Разговор сменил направление и тему, и перешел на обсуждение достоинств и недостатков дуэльных пистолетов . Визитеры критиковали надежность оружия подвергая его сомнению, а хозяину приходилось отбиваться . Впрочем, все трое единогласно одобрили цвет.
«Клево, кивал Толик, – в натуре – клево… издалека, как парабеллум, но ствол, Миха, порвет. Я тебе гарантирую. Порвет. Трубка медная, проволоки-обмотки мало».
«Понимаешь, — защищался зачинщик дуэли, — тут дело такое. Допустим, ты бы ранил меня, или, допустим, я. И – все. По одному выстрелу …и все. До первой крови! Или, уж …мало ли чего. Ну, то есть, не стрелять из него вечно. Как бы …Вот».
«Джазмен прав, — веско и неторопливо заговорил Философ. Давай еще чуток, — он протянул стакан, — и я изложу концептуально, — после чего все выпили, а виновник торжества еще и закурил.
«Значит, смотри, Кэп, тут, ну, вот тут, — он потыкал пальцем в дырочку для запала, — ты пропилил напильником, а надо сверлом. И еще скобочку для спички, а еще лучше пять или семь спичек примотать. Чиркнул – и целься! Как, вроде, фитильный. А – так что? Ты целишься и, притом, спичку приставляешь? Здесь туфта, согласись.
И ствол нужен стальной. Это же как закон Ома. Согласись! Помнишь, в 30 й школе пацану руку покалечило? Трубка медная, а заливали в свинец и то – порвало.
Тут ты не прав …согласись».
Михаил соглашаться не спешил и защищался, как мог: «Да чего? Я помню. Директор потом на линейке говорил. Даже и портфели проверяли.
Если пол коробка спичек засандалить – то и порвет, хоть сталь, хоть медь!
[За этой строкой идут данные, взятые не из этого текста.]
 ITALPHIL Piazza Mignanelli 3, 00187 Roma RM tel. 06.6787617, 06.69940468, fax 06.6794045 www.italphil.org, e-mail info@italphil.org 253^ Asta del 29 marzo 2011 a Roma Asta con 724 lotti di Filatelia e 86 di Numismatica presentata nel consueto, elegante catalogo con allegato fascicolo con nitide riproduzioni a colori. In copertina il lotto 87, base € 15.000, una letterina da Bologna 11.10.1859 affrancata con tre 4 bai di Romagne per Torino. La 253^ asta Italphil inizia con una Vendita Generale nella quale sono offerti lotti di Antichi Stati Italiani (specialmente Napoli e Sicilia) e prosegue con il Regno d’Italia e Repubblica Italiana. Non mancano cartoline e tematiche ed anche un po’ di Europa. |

И потом, — заявил он веско, — смотря, какая пуля и со скольких шагов!
Я-то хотел до первой крови …и все. Ну, так, в смысле – теоретически».
«Теоретически, — протянул насмешливо Философ, — пистолеты приготовил, а секунданты!
Кто секунданты-то?
«Ну, кто, кто ? Вы с Толиком…То есть. Это, кого-то еще пришлось бы просить».
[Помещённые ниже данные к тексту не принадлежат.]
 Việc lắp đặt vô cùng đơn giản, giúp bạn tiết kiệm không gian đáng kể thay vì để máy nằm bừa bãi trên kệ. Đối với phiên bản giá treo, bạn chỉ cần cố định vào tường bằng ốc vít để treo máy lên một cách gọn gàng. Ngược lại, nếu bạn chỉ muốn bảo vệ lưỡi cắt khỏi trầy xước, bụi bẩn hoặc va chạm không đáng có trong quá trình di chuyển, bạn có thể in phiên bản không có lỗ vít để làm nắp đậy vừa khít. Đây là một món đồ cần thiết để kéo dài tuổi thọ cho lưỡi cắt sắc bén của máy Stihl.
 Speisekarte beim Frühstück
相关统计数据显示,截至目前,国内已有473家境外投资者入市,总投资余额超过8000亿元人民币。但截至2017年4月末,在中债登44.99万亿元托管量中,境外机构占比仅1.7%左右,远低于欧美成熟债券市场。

«Дэ, дэ ,дэ, — насмешливо проговорил Арнольд. Ты еще Савченку пригласи.
Пол школы и приперлись бы смотреть.
«Зачем сразу стрелять? – болезненно сморщившись возразил Михаил.
«Тем более, в друга. Мы бы это…примирились, это нормальный исход дуэли, непонятно?
И, вообще, я бы лично стрелял в воздух».
«Пули где? Покажи! — не сдавался Философ, нависая своим ростом над морально раздавленным дуэлянтом.
«Нет пуль, — сник окончательно Миша, — хотел на сковородке ночью раскатать…»
«Давайте так, мужики, — подвел итог хирург, — вы с Толиком «по петушкам», и все!
И все забыто!»
Сказав это, он веско и сильно хлопнул ладонью по столу.
«Толя, держи краба». Их руки сомкнулись. «Толян, прости, — и униженный виновник отвернулся к темному уже окну.
«Брошу я ее, — заявил он и, резко запрокинув голову, допил портвейн.
Друзья одобрили решение и, поскольку инцидент был исчерпан, засобирались домой.
Михаил проводил их и, рухнув на тахту, заснул в одежде.